## YOUR TASK
In the data below, set down exactly the lines from the one containing "Велосипед трехколесный Pilot" up to and including the one containing "途中下船するとそのオンボード". Leave the pictures out.

## DATA SUPPLIED
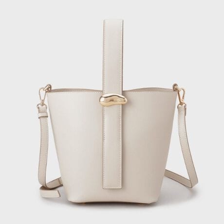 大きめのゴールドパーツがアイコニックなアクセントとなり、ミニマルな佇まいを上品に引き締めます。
* * *
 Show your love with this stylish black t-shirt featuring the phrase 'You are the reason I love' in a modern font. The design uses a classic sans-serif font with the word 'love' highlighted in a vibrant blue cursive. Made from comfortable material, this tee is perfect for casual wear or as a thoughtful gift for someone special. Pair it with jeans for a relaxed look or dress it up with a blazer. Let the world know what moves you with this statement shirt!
...
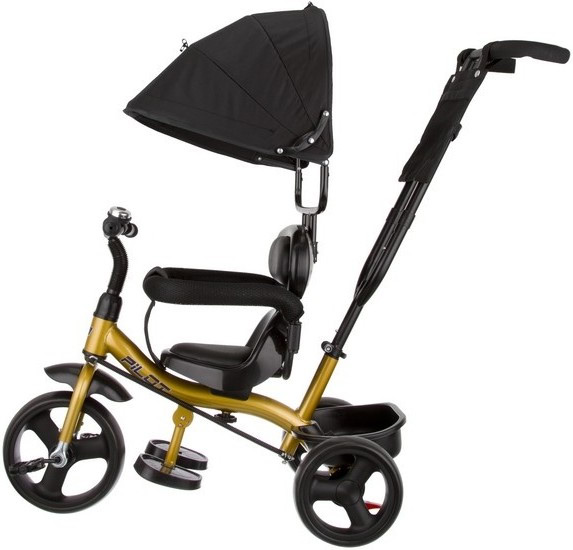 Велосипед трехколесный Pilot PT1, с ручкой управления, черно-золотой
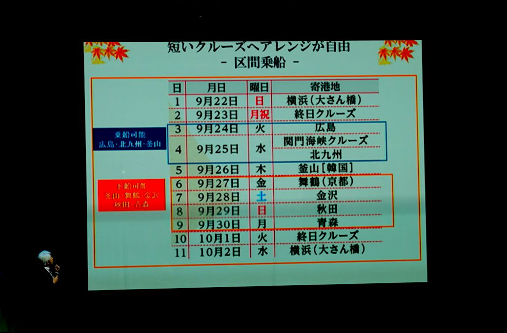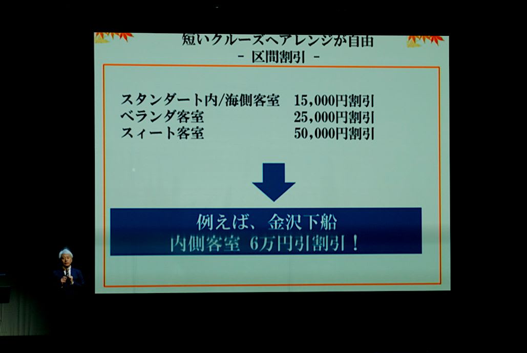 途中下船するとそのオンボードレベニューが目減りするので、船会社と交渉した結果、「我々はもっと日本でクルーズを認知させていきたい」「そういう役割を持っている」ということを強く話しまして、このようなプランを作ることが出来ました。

## FINISHED EXERCISE
 Велосипед трехколесный Pilot PT1, с ручкой управления, черно-золотой
 途中下船するとそのオンボードレベニューが目減りするので、船会社と交渉した結果、「我々はもっと日本でクルーズを認知させていきたい」「そういう役割を持っている」ということを強く話しまして、このようなプランを作ることが出来ました。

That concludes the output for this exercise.